Educator Barbara A. Lewis’ shrewd, written-for-youth book What do You Stand For? A Kid’s Guide to Building Character, uses this story to teach adolescents courage–one of a catalog of decent, noble traits 90s parents want to unfold in their child. It’s a fun, contemporary, inspiring, challenging book parents should buy for their kids–and also read themselves. Schools would benefit enormously with this text as a course. The American Library Association calls it “The best of the best for children.”

Lewis crafted the book as a working manual. The preteen or teen participates in character nurturing by self-reflection, writing, thinking, researching–that is, by doing. Chapters on character virtues include: Positive Attitudes, Caring, Choice and Accountability, Citizenship, Cleanliness, Honesty, Conservation, Courage, Empathy, Endurance, Health and Forgiveness.

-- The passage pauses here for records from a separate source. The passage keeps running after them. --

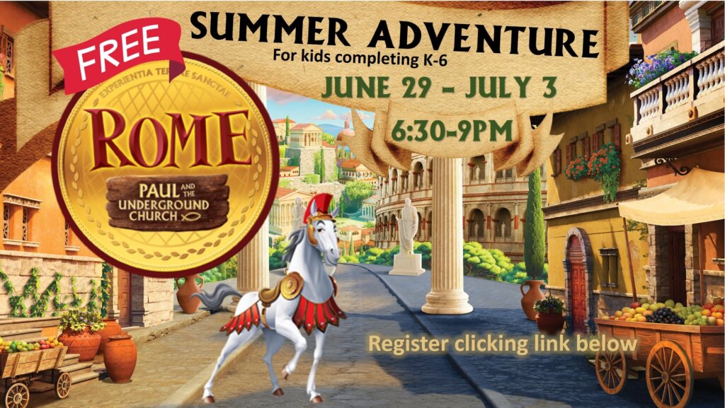 Great week is planned for kids completing K-6. Kids will take a trip to Ancient Rome and get a sense of what it was like when Paul established the church. There will be games, crafts, music and lots of fun! Register by clicking the link below
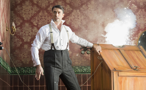 Man wähnt sich im Film „Das Leben der Anderen“; Ulrich Mühe, Spion der Stasi alias Bartolo, Intrigant am gräflichen Hofe, klettert mit Kopfhörern, Kamera und einer Peilantenne auf dem Dachboden herum und spionierte Susanna und Figaro nach. Denn Graf Almaviva möchte am überkommenen Machtsystem festhalten, der pfiffige Figaro aber will gerne alte Zöpfe abschneiden und tapeziert erst einmal sein heruntergekommenes Zimmer im Schloss. Mozarts Meisteroper hatte damals nicht umsonst Mühe, überhaupt aufgeführt werden zu dürfen. Aber – nicht wie oft üblich – verzichtet hier der Regisseur auf den politisch mahnenden Zeigefinger, sondern schenkt dem ausverkauften Haus gute drei Stunden wahres Opernglück.
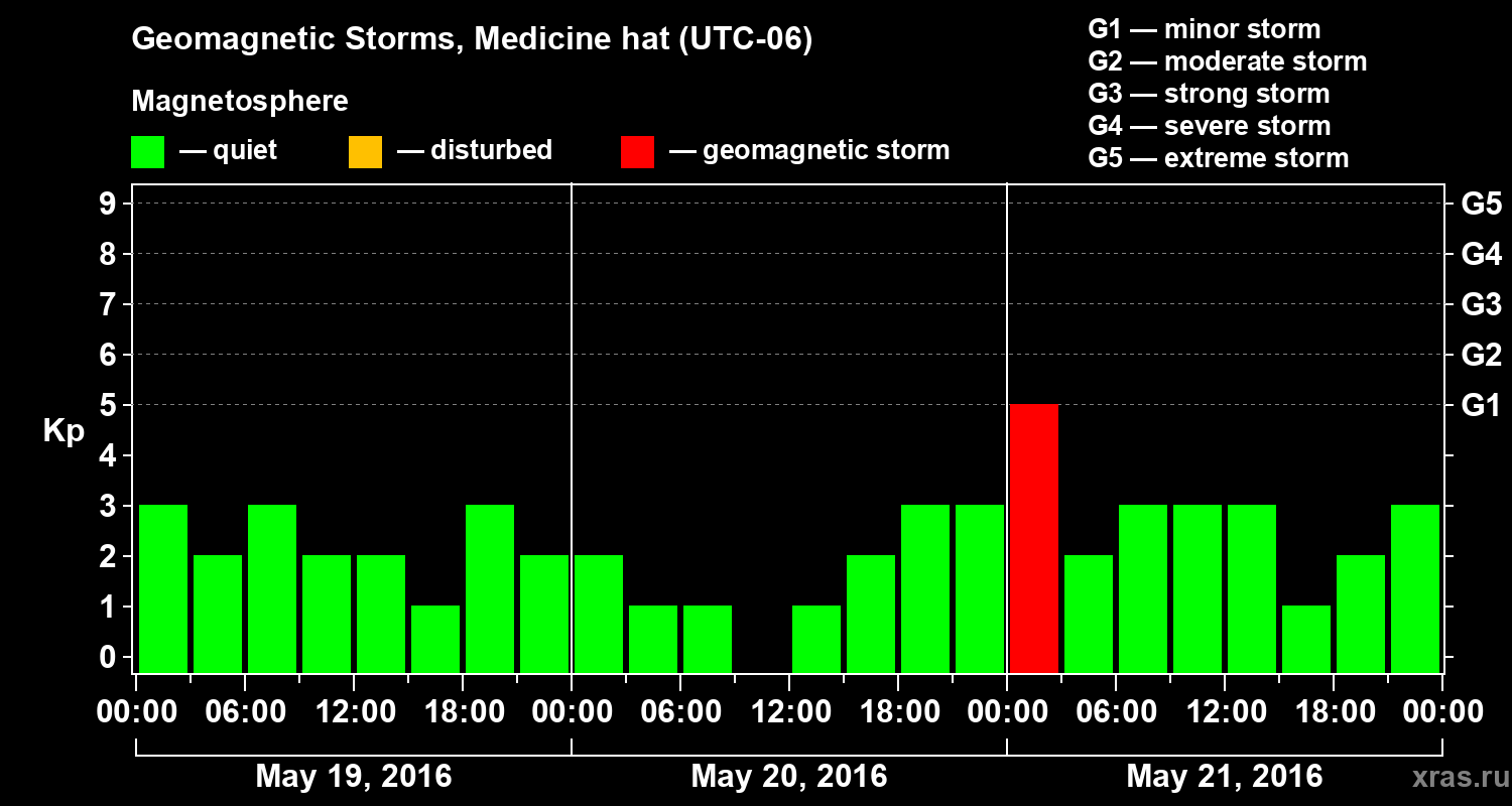 Geomagnetic storms in Medicine hat — May 21, 2016
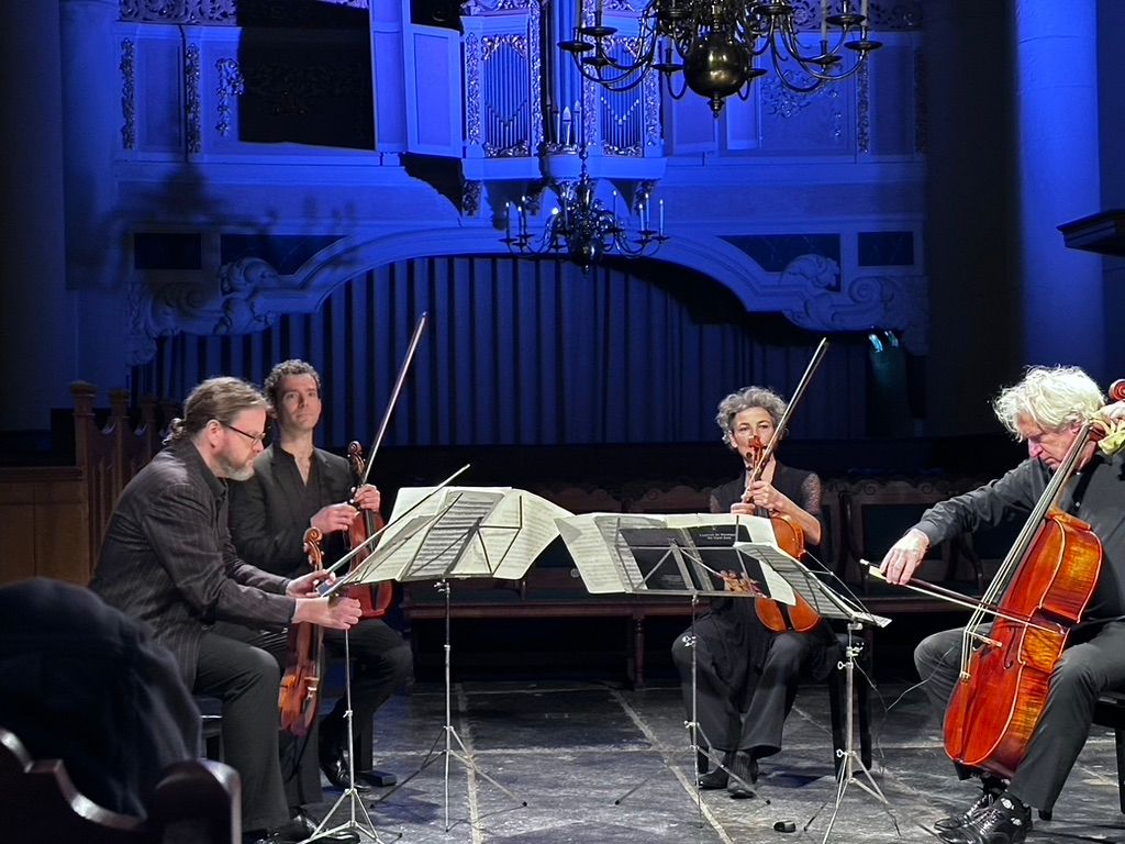 In de Waalse Kerk opende het ad hoc strijkkwartet uit het Orkest van de 18e Eeuw – Alexander Janiczek en Hed Yaron Meyerson (viool), Fanny Paccoud (altviool) en Albert Brüggen (cello) – met het ingenieuze Allegretto uit Mozarts Strijkkwartet nr. 20 in D, KV 499 ‘Hoffmeister’, luchtig gespeeld en levendig aangevoerd door primarius Janiczek (concertmeester in het Orkest van de 18e Eeuw), op de voet gevolgd door de andere drie strijkers, waarbij meteen duidelijk werd dat ze goed met elkaars speelcultuur vertrouwd zijn: authentiek en op darm, maar (gelukkig) niet dogmatisch, doorgaans zuiver en met een goed gedoseerd vibrato.
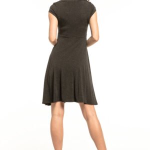 „Cienka, zwiewna sukienka midi z krótkim rękawem, z przodu ma dekolt w kształcie litery V, dół odcięty, rozkloszowany, idealna na lato. Nasza propozycja na każdy dzień. Sukienka naciąga się do 10 cm.
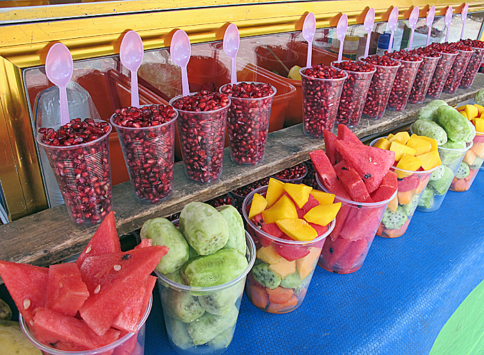 We who live in Mexico are fortunate to find pomegranate seeds ready to use, sold in plastic cups.  Can you see them at the top of the photo, with the pink plastic spoons stuck into the cups?
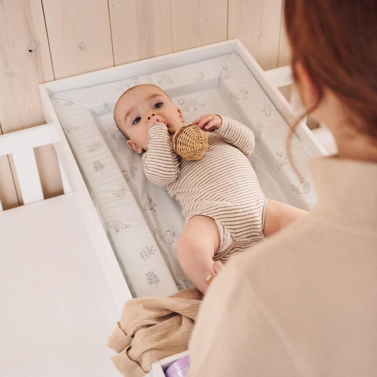 Add convenience and functionality to your nursery with the Little Wren Cot Top Changer, a smart and space-saving solution for parents. Designed to easily and securely slot onto the Little Wren Cot Bed, this changer provides the perfect height for comfortable and efficient nappy changes. The handy storage section keeps nappies, creams, and other essentials within easy reach, making changing time a breeze. Suitable from birth. Suitable for babies up to 11kg. Made from MDF. Cot Features Size L89, W50.5, H6.7cm. Weight 8.1kg. Mattress Features Mattress not included - use. General information Packed flat. Manufacturer's 1 year guarantee.
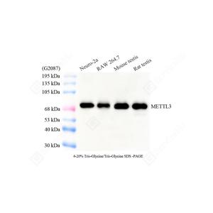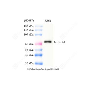 METTL3 is a key S-adenosyl-L-methionine-binding subunit, which is component of a complex multicomponent enzyme that catalyzes the methylation of internal adenosine residues in eukaryotic mRNA, forming N6-methyladenosine. It contains 2 putative nuclear localization signals and 2 consensus methylation motifs. The calculated molecular weight of METTL3 is 64 kDa, but modified METTL3 is about 65-70 kDa.
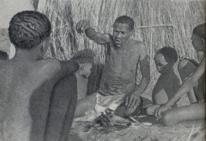 Мы провели несколько дней с бушменской общиной, которая живет в травяных хижинах среди дюн поблизости от дома служащего парка Калахари-Гемсбок. Наше посещение внесло заметное оживление в унылое однообразие их жизни (обычно они сидят и коротают тягучее время). Мы оделили их табаком, показали фотографии других бушменов, а когда включили магнитофон и прослушали песни, записанные в Самангейгее, их радости не было конца. Познакомившись с ними поближе, мы записали их песни и сказки. Главой общины был Магай, умный старик, полный чувства собственного достоинства. Этот любивший пошутить мудрец не мог примириться с пассивным существованием. Часто в его глазах появлялось отсутствующее выражение: он размышлял о прошлом и с тревогой думал о будущем своей маленькой общины.
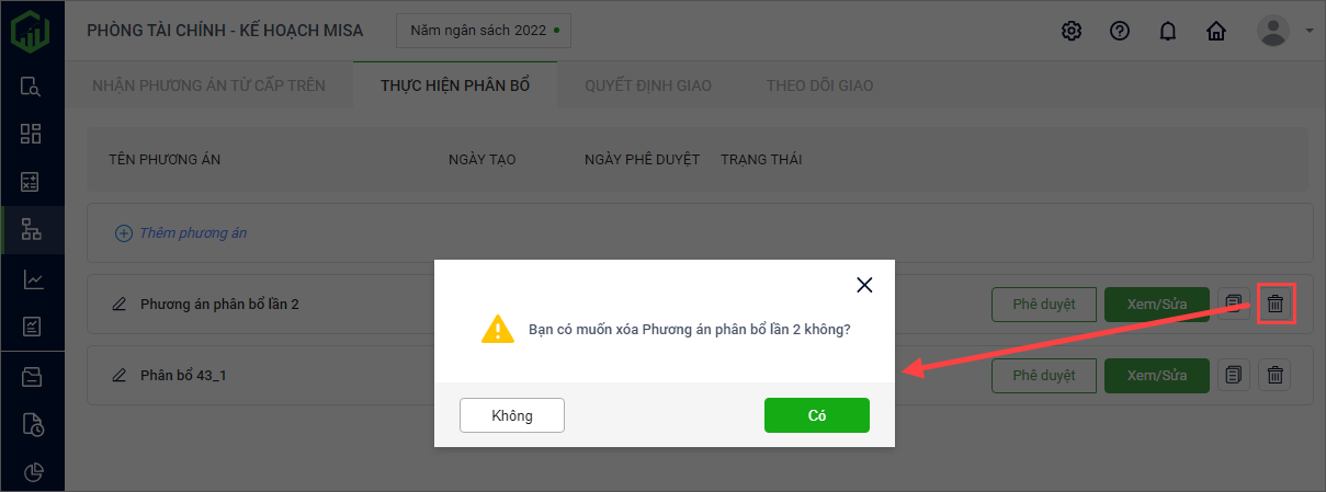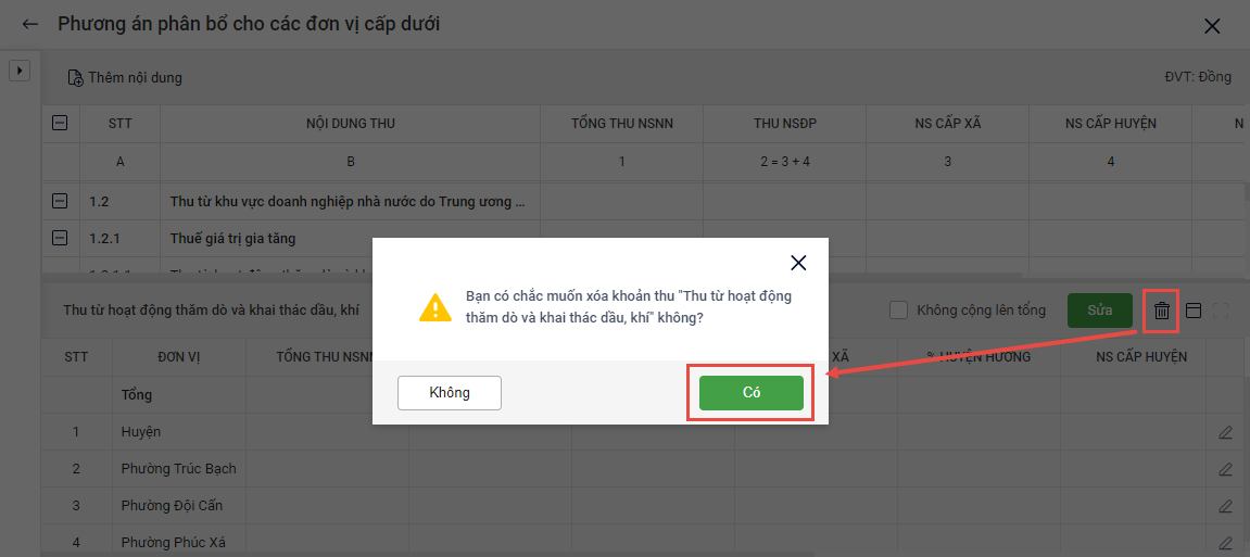 - Trường hợp muốn xóa nội dung nào trên bảng phân bổ, nhấn vào biểu tượng thùng rác. Nhấn Có để chắc chắn muốn xóa.
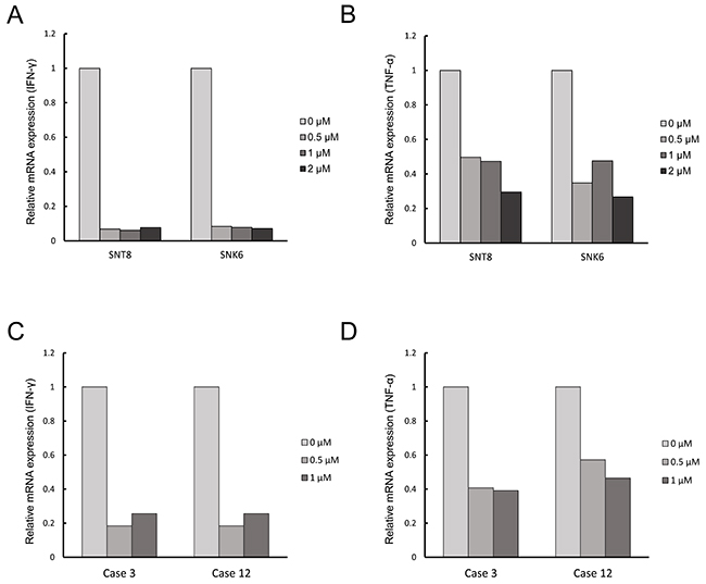 From the three inhibitors, we selected ruxolitinib, the effective concentration of which was identical to that of its clinical use. We investigated the effects of ruxolitinib on the proliferation and survival of EBV-positive T- or NK-cells. The XTT assay demonstrated that ruxolitinib suppressed the viable cell number of EBV-positive T- or NK-cell lines in a dose-dependent manner (Figure 4A). In addition, ruxolitinib suppressed a viable cell number of CAEBV patient-derived PBMCs in a dose-dependent manner (Figure 4B). Ruxolitinib also suppressed the number of healthy donor-derived PBMCs. However, under the concentration of 0.25 μM, which can be actually achieved in patients, the number of patient-derived PBMCs was decreased whereas that of healthy donor-derived PBMCs was not. As shown in Figure 4C, ruxolitinib induced cellular apoptosis in SNT16, although it was not remarkable in SNT8, SNT15, and SNK6 cells. Finally, we investigated the effects on cytokine production. Figures 5A and 5B show that ruxolitinib suppressed the mRNA production of inflammatory cytokines, IFN-γ and TNF-⁑ in EBV-positive T- or NK-cell lines. Furthermore, ruxolitinib suppressed the mRNA production of inflammatory cytokines IFN-γ (Figure 5C) and TNF-⁑ (Figure 5D) in the CAEBV patient-derived PBMCs. The mRNA of interleukin-6 (IL-6) was not detected in these cells (data not shown). The viability of each cells was approximately 80%, and 60-80%, in the cell lines and patients’ cells, respectively (Supplementary Figure 3).

Under the chapter “Responsibility,” she offers this activity: “Survey your neighborhood to see if there are seniors who need help with such things as repairing fences, shopping for groceries, painting, doing minor repairs, lawn care, etc. Take responsibility and either do it yourself or get others to help you. Be sure to take an adult chaperon along, both when you survey your neighborhood and when you do your good deeds.”

Each chapter is separated into six elements: a definition or anecdote; terse, memorable listings of examples; character dilemmas; activities; “check it out” listings and discussions of published, TV or website resources; and true kid stories germane to the character trait. For example, in “Leadership” Lewis lists five traits of leaders: “1) Great leaders care about and serve others. Or they care about animals, environment or other important issues. 2) They listen to others and communicate well. They accept advice and criticism without exploding or wilting. 3) They have integrity. 4) They are true to what they say. 5) They set a good example of honesty and trustworthiness.”

Lewis offers an anagram for THINK: “Think before you follow. Help to make plans, if you can. Imagine the ending before you begin. Do nothing that will hurt yourself or other beings. Keep thinking and rethinking as you go.” What Do You Stand For? stands a mile high in value for parents.